◆ **Supplied material**
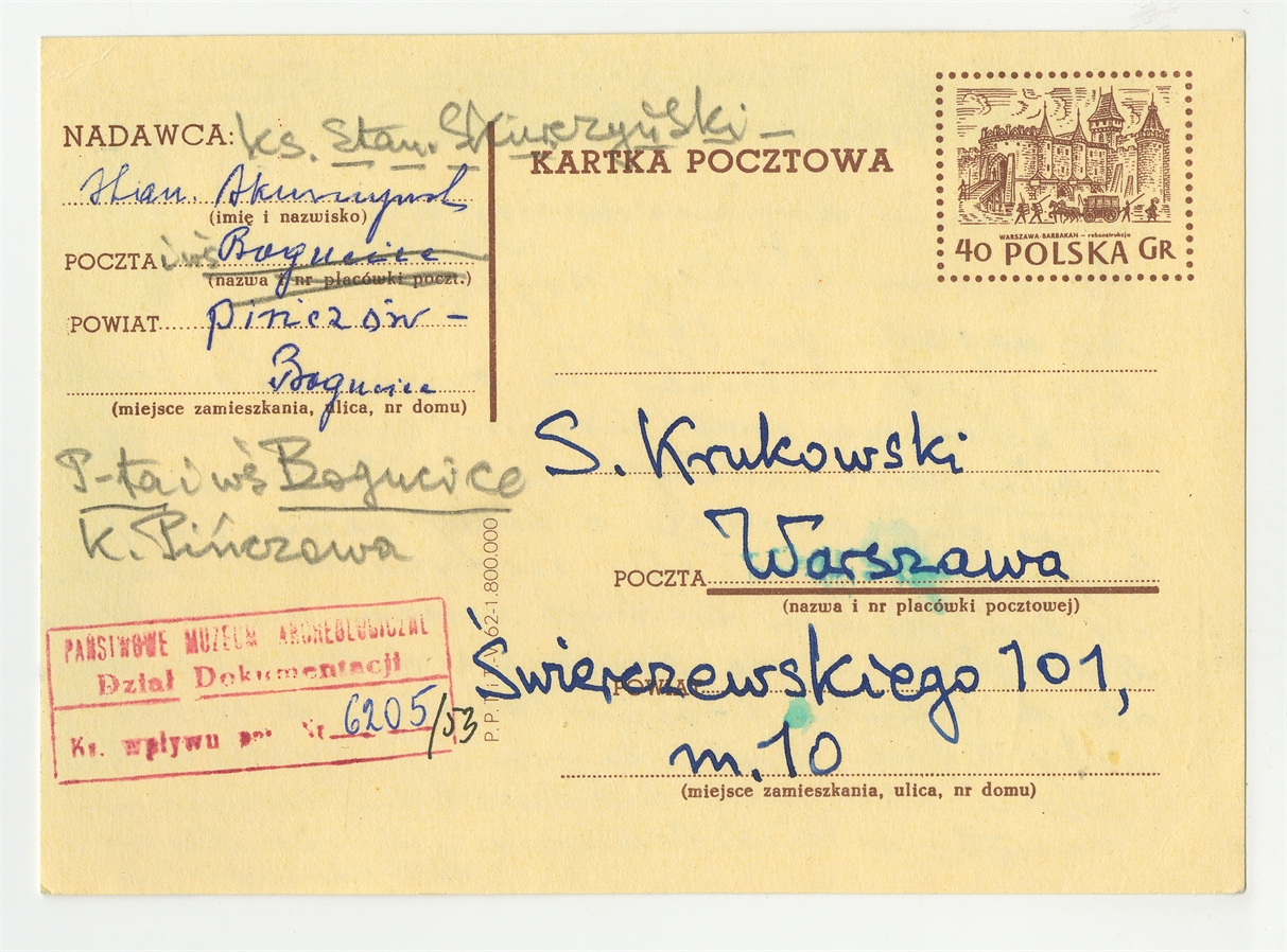 Kartka pocztowa od Stanisława Skurczyńskiego do Stefana Krukowskiego z dnia 12 V [19]64 roku - awers
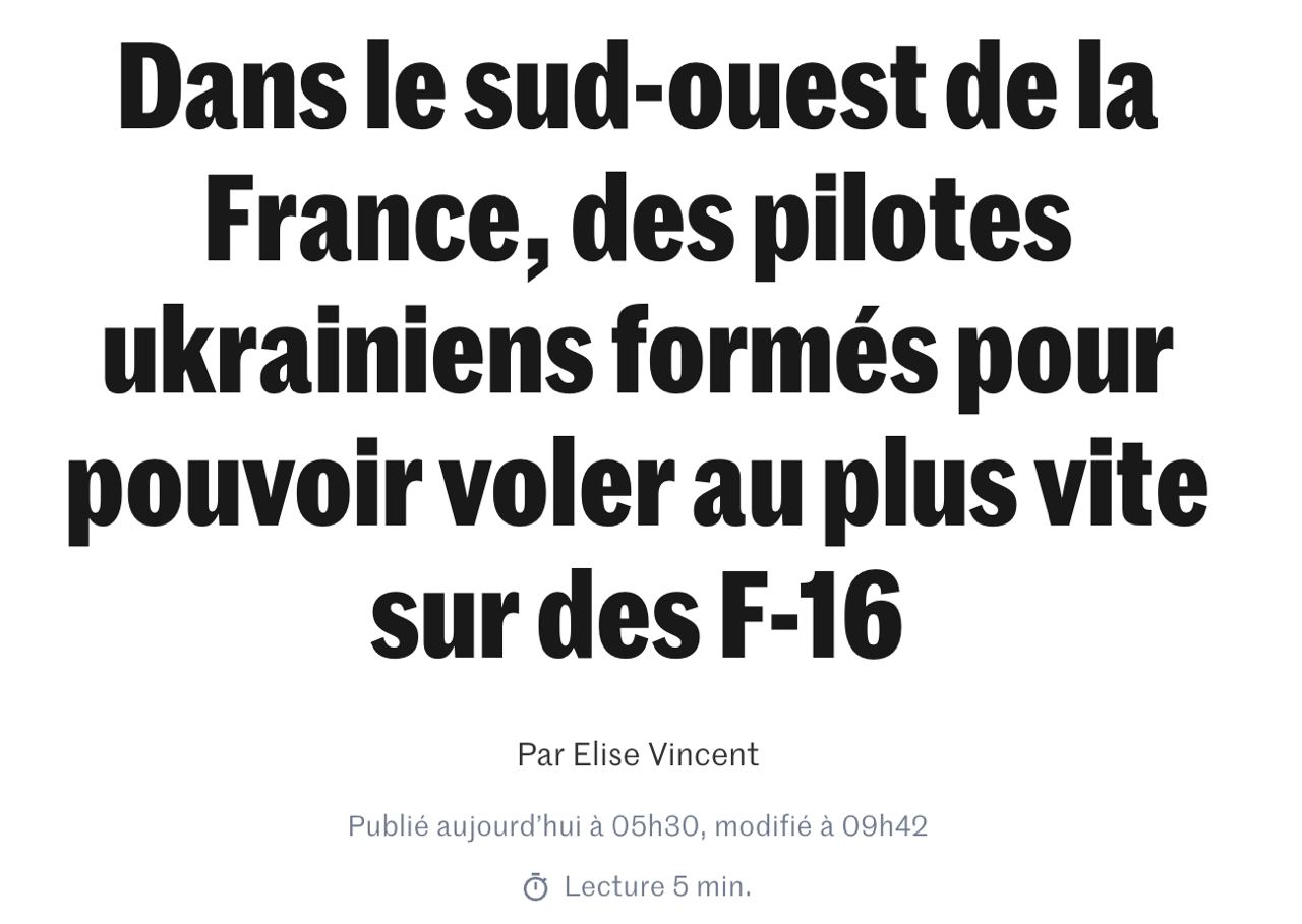 Между тем первые украинские пилоты F-16 завершат обучение во Франции в сентябре, сообщает газета Le Monde.
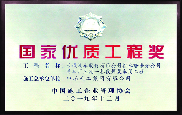 2018-2019年度国家优质工程奖-长城汽车股份有限公司徐水哈弗分公司整车厂三期一标段焊装车间工程
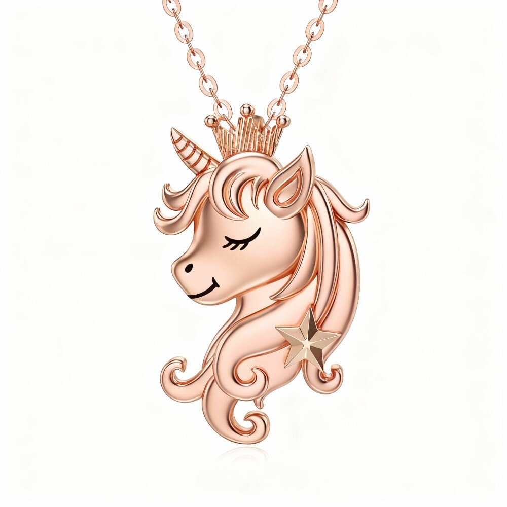 This exquisite necklace showcases a delicately crafted unicorn pendant made from high-quality 10K Rose Gold, ensuring a brilliant shine and lasting durability. The minimalist design, free from additional stones, highlights the stunning Rose Gold and the intricate silhouette of the unicorn, making it a versatile accessory suitable for both casual outings and special occasions. This enchanting piece promises to infuse a sense of magic into your jewelry collection, allowing you to express your unique style and appreciation for whimsical elegance. Whether you're dressing up for a special event or adding a touch of fantasy to your everyday look, this 10K Rose Gold unicorn pendant necklace is the perfect choice.
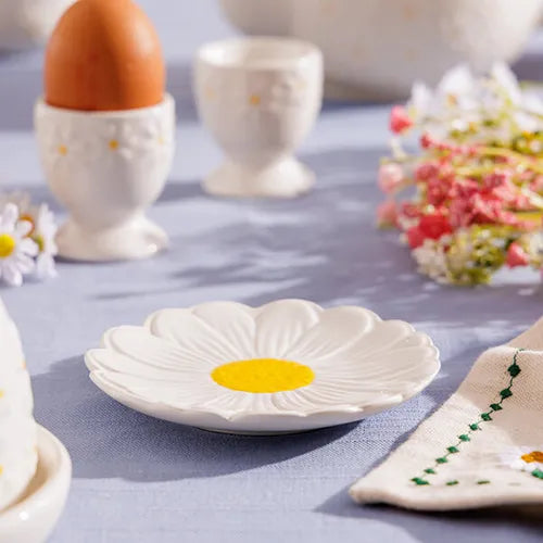 This Price & Kensington Daisy Kitchen Tidy features a white glaze with whimsical daisy embossments with a delicate hand painted yellow centre.
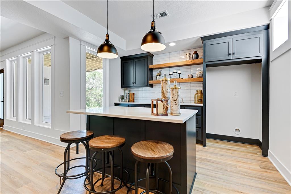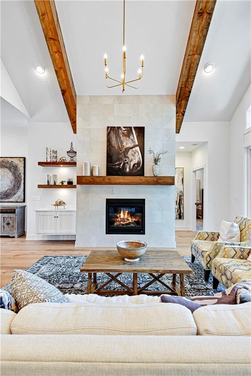 Experience refined luxury in the stunning Bayberry by JFE Construction. From the moment you enter through the impressive 8’ double front doors, you are welcomed by soaring ceilings, dramatic wood beams, and walls of windows that flood the great room with natural light. Expansive sliding doors open to a covered deck with a stone fireplace, perfectly positioned to capture serene greenspace views—an ideal setting for both relaxation and entertaining. The designer kitchen is thoughtfully curated with a large quartz island, stainless steel appliances, rich wood flooring, and an oversized walk-in butler’s pantry, offering both beauty and functionality. The primary suite is a private retreat, featuring a freestanding soaking tub, double vanity, zero-entry shower, and a spacious walk-in closet. A second main-level bedroom or office provides flexible living options. The finished lower level extends the living space with a family room, bar area, game space, two additional bedrooms, and a full bath—perfect for hosting guests. Throughout the home, you’ll find exquisite trim details, wood accent walls, striking black accents, and architectural elements that elevate every space. Located in Canyon Creek Forest, a luxury maintenance-provided, free-standing villa community. Lawn care and snow removal are included, allowing for a truly carefree lifestyle while enjoying all the amenities Lenexa has to offer. Estimated completion April 2026. Still time to make select design choices to personalize this exceptional home. Photos are of a former model and may include upgrades not included in the price.

◆ **Required action**
From the line containing "This exquisite necklace" through the line containing "This Price &", copy every line above exactly, without pictures.

◆ **Response to this task**
 This exquisite necklace showcases a delicately crafted unicorn pendant made from high-quality 10K Rose Gold, ensuring a brilliant shine and lasting durability. The minimalist design, free from additional stones, highlights the stunning Rose Gold and the intricate silhouette of the unicorn, making it a versatile accessory suitable for both casual outings and special occasions. This enchanting piece promises to infuse a sense of magic into your jewelry collection, allowing you to express your unique style and appreciation for whimsical elegance. Whether you're dressing up for a special event or adding a touch of fantasy to your everyday look, this 10K Rose Gold unicorn pendant necklace is the perfect choice.
 This Price & Kensington Daisy Kitchen Tidy features a white glaze with whimsical daisy embossments with a delicate hand painted yellow centre.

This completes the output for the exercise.